Of even greater importance, Marino realizes there are much larger issues than the one everyone is talking about at the moment. These “silent issues” have the potential to do significant damage down the road to our retirement system. Unless we address them through experiential analysis, they’ll grow until they’ll be too big to solve without dramatic sacrifice.
So, are you willing to speak your mind? Are you willing to be honest about the problems that are out there?
Sure, conflicts-of-interest fees can eat into investment returns and should be eliminated, but why are we still focusing in on investments? We know there are more important issues. Here are three to ponder:
#1: Young adult savings discipline. We all know the earlier you save, the better off you’ll be in retirement. Yet we don’t have a mechanism to inculcate a savings attitude within our culture. Perhaps a Child IRA could be used for this. Maybe it’s broader financial literacy efforts in secondary schools.
Maybe it’s using popular culture--movies, songs, TV shows, social media--to bring home the salient points. The bottom line is many would not be in the situation they are in if only they had started saving at a younger age.
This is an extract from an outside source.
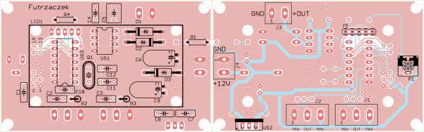 Układ został zmontowany na dwustronnej płytce drukowanej o wymiarach 80×50 mm. Jej schemat został pokazany na rysunku 2. W odległości 3 mm od krawędzi płytki znalazły się otwory montażowe, każdy o średnicy 3,2 mm.

#2: Longer life expectancies. There’s a new trend brewing out there in retirement land. It’s called “not retiring.” A couple generations ago, folks retired at 60 and died at 62. Today, it’s not unusual to find people leading healthy and active lives well into their late 70s and even their 80s.
Baby boomers who “retire” in their sixties find themselves going back to work not because they need the money, but because they need the action. How does this change our tried-and-true retirement planning algorithms? What kind of impact does this have on public policy?
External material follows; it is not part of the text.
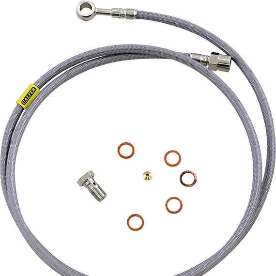 Caracteristicas: Stainless Steel lines are typically the first upgrade you should make Stock rubber lines will break down and expand, causing a spongy feel or worse. Steel lines eliminate expansion which results in consistent feel and performance Made with only DuPont virgin grade PTFE (Polytetrafluoroethylene) inner core 64 strand braid Includes all mounting components, extra washers, and line end labeling, and bike specific installations R&D and manufacturing done in the US

#3: Turbo-charging retirement savings incentives. If we want people to gain financial independence by the time they retire, we need more, not fewer, “Romney-sized” IRAs. What incentives were in place that created those gigantic personal savings plans and how can we encourage more individuals to build similarly sized retirement accounts for themselves.
Sure, maybe not everyone is in a position to get them, but the more who do, the fewer people who will need to rely on Social Security.
Those are just three potential discussion points. You can probably think of several more.
The broader question is this: Once we’ve identified the critical issues, we need to determine what government’s most appropriate role is in addressing them. Only then can we begin to lay out a true path to meaningful reform.